● **Your objective**
From the first line of the entries down to the line with "25일 마산고체육관에서 열린", write out every line exactly; that last line counts, but pictures do not.

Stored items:

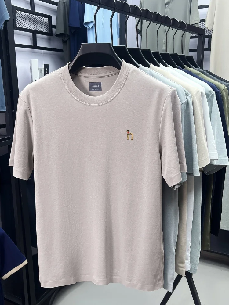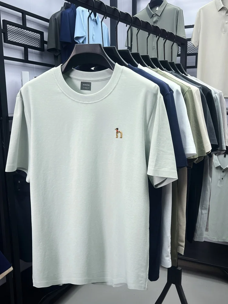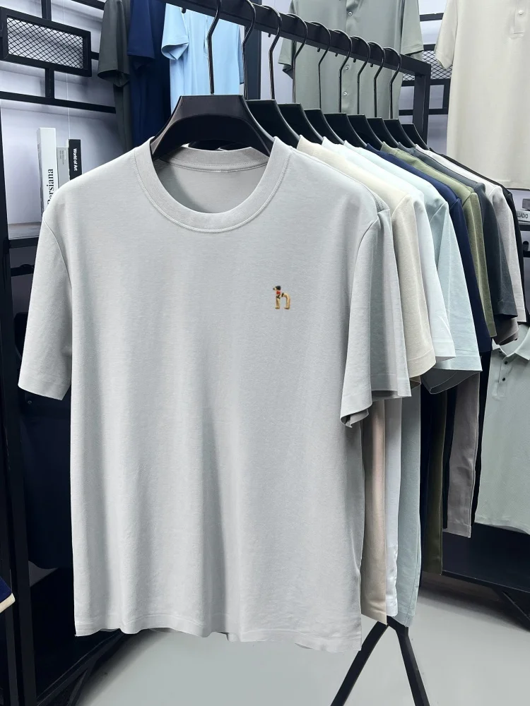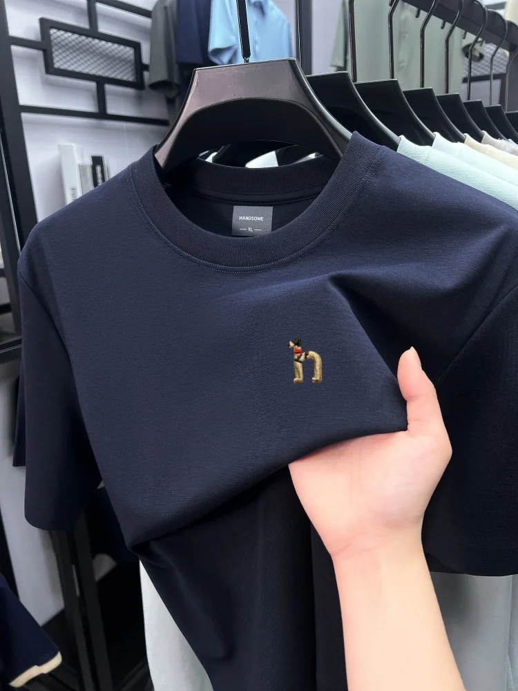 Luxury men's short sleeve T-shirt brand exquisite puppy embroidery summer ice silk cotton solid color breathable round neck top
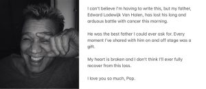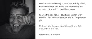 La noticia la dio a conocer Wolf Van Halen, hijo del músico y actual miembro de la banda Van Halen, misma que fundo Eddie a lado de su hermano Alex, en 1972.
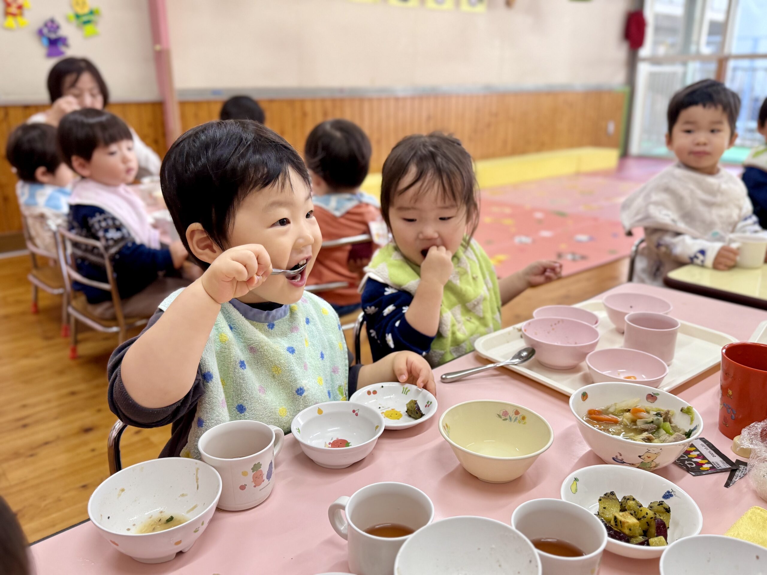 給食の時間は、うさぎぐみさんのかわいい姿がたくさん見られる、ほほえましいひとときでした💕🐰💕
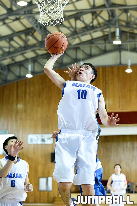 25일 마산고체육관에서 열린 '2015 중고농구 주말리그' 가야고와 마산고의 경기, 마산고 송수현이 팁인으로 슛을 성공시키고 있다.
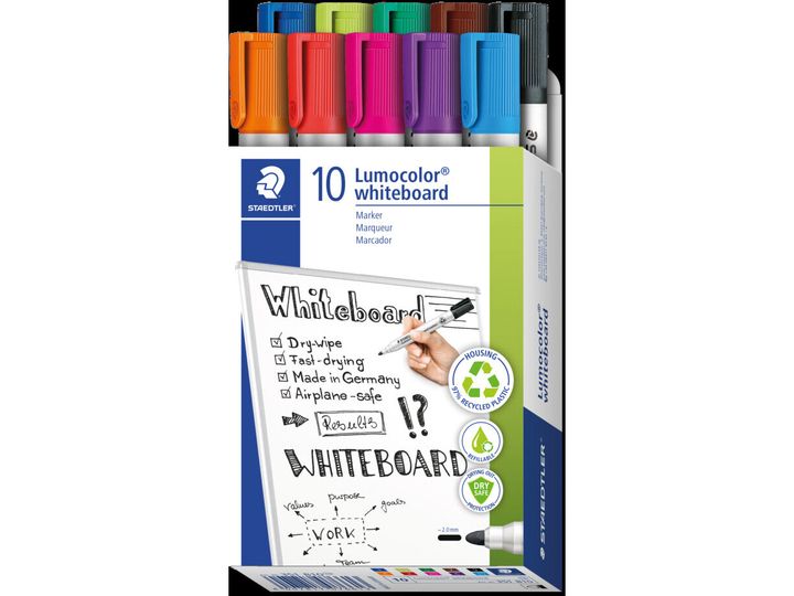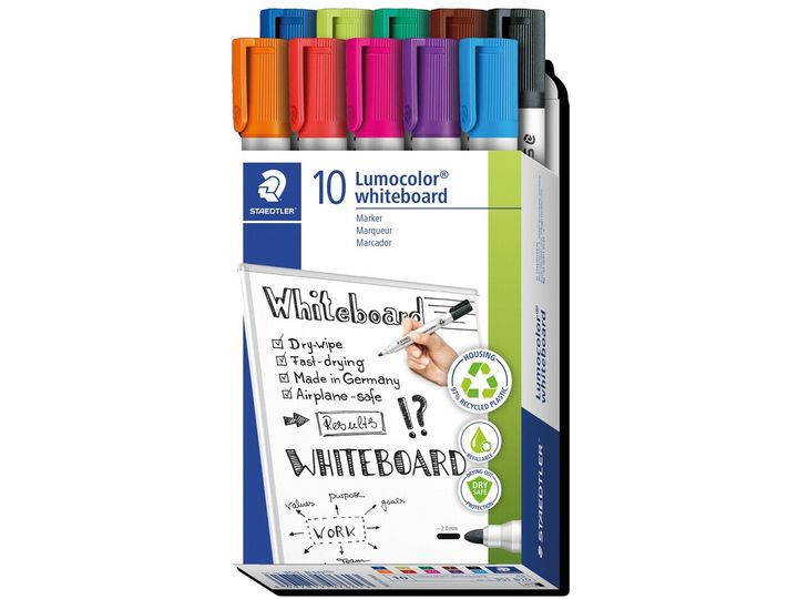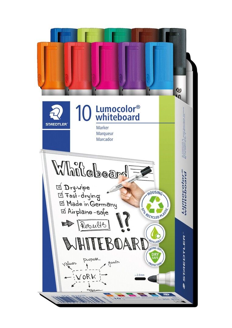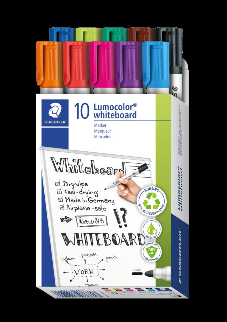 STAEDTLER Lumocolor 351 - Markør - for glass, whiteboard, porselen - assorterte farger - 2 mm (en pakke 10)
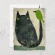 Carte Postale Chat noir avec oiseau vert sur la queue
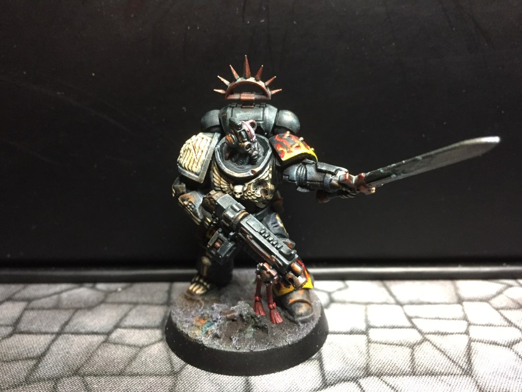 Paint-wise, these are all really straight forward, with the free & messy paint style that I enjoy. I undercoat black, and then do a zenith blast of white followed by a heavy white drybrush. Armour is contrast black, leather is contrast snakebite, flesh is just washed in crimson. I add detail in pure white, and then stain with sepia, or with yellow & red depending on whether it’s bone or flame, (the flames are done wet & wet blended together). I then highlight these up a little with either bone or yellow, before I grubby up the armour with rust, virdigris, typhus corrosion, etc. Any bare skin is just highlighted up with Rakarth Flesh, and given some blue or purple wash in the recesses and to add veins etc. Pretty messy and fun! I can always do a tutorial if anyone is particularly interested.

● **Result of this exercise**
 Luxury men's short sleeve T-shirt brand exquisite puppy embroidery summer ice silk cotton solid color breathable round neck top
 La noticia la dio a conocer Wolf Van Halen, hijo del músico y actual miembro de la banda Van Halen, misma que fundo Eddie a lado de su hermano Alex, en 1972.
 給食の時間は、うさぎぐみさんのかわいい姿がたくさん見られる、ほほえましいひとときでした💕🐰💕
 25일 마산고체육관에서 열린 '2015 중고농구 주말리그' 가야고와 마산고의 경기, 마산고 송수현이 팁인으로 슛을 성공시키고 있다.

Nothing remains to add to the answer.